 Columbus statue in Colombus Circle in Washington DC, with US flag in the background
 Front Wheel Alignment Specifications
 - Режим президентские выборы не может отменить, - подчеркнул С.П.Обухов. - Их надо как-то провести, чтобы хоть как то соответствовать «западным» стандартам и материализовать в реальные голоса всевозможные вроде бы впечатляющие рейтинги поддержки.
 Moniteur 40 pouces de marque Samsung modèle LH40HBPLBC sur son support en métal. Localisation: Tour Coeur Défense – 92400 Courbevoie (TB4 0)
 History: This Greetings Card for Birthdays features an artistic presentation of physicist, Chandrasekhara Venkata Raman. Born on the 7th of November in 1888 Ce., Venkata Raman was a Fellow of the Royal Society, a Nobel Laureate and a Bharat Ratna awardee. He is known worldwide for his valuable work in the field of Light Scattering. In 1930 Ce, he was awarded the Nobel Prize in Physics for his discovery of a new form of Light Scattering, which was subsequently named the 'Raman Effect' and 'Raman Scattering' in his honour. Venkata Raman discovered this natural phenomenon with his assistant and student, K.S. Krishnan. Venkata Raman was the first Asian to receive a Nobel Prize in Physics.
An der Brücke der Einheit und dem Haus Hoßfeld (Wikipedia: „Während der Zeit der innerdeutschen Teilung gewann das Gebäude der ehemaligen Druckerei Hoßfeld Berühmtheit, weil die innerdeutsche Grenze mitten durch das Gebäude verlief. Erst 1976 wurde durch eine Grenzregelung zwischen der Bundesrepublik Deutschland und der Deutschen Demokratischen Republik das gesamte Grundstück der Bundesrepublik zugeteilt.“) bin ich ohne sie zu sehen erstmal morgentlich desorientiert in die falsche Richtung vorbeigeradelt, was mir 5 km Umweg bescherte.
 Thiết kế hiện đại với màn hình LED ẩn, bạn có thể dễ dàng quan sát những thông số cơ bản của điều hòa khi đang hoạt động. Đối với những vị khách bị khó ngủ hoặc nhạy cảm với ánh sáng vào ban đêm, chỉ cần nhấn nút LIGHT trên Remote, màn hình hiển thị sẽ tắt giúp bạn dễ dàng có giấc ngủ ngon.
☆ ☆ ☆ ☆
Take the line holding "Front Wheel Alignment Specifications" and the lines after it through the end of the entries. Retype them exactly and add nothing.

#### EXERCISE OUTPUT:
 Front Wheel Alignment Specifications
 - Режим президентские выборы не может отменить, - подчеркнул С.П.Обухов. - Их надо как-то провести, чтобы хоть как то соответствовать «западным» стандартам и материализовать в реальные голоса всевозможные вроде бы впечатляющие рейтинги поддержки.
 Moniteur 40 pouces de marque Samsung modèle LH40HBPLBC sur son support en métal. Localisation: Tour Coeur Défense – 92400 Courbevoie (TB4 0)
 History: This Greetings Card for Birthdays features an artistic presentation of physicist, Chandrasekhara Venkata Raman. Born on the 7th of November in 1888 Ce., Venkata Raman was a Fellow of the Royal Society, a Nobel Laureate and a Bharat Ratna awardee. He is known worldwide for his valuable work in the field of Light Scattering. In 1930 Ce, he was awarded the Nobel Prize in Physics for his discovery of a new form of Light Scattering, which was subsequently named the 'Raman Effect' and 'Raman Scattering' in his honour. Venkata Raman discovered this natural phenomenon with his assistant and student, K.S. Krishnan. Venkata Raman was the first Asian to receive a Nobel Prize in Physics.
An der Brücke der Einheit und dem Haus Hoßfeld (Wikipedia: „Während der Zeit der innerdeutschen Teilung gewann das Gebäude der ehemaligen Druckerei Hoßfeld Berühmtheit, weil die innerdeutsche Grenze mitten durch das Gebäude verlief. Erst 1976 wurde durch eine Grenzregelung zwischen der Bundesrepublik Deutschland und der Deutschen Demokratischen Republik das gesamte Grundstück der Bundesrepublik zugeteilt.“) bin ich ohne sie zu sehen erstmal morgentlich desorientiert in die falsche Richtung vorbeigeradelt, was mir 5 km Umweg bescherte.
 Thiết kế hiện đại với màn hình LED ẩn, bạn có thể dễ dàng quan sát những thông số cơ bản của điều hòa khi đang hoạt động. Đối với những vị khách bị khó ngủ hoặc nhạy cảm với ánh sáng vào ban đêm, chỉ cần nhấn nút LIGHT trên Remote, màn hình hiển thị sẽ tắt giúp bạn dễ dàng có giấc ngủ ngon.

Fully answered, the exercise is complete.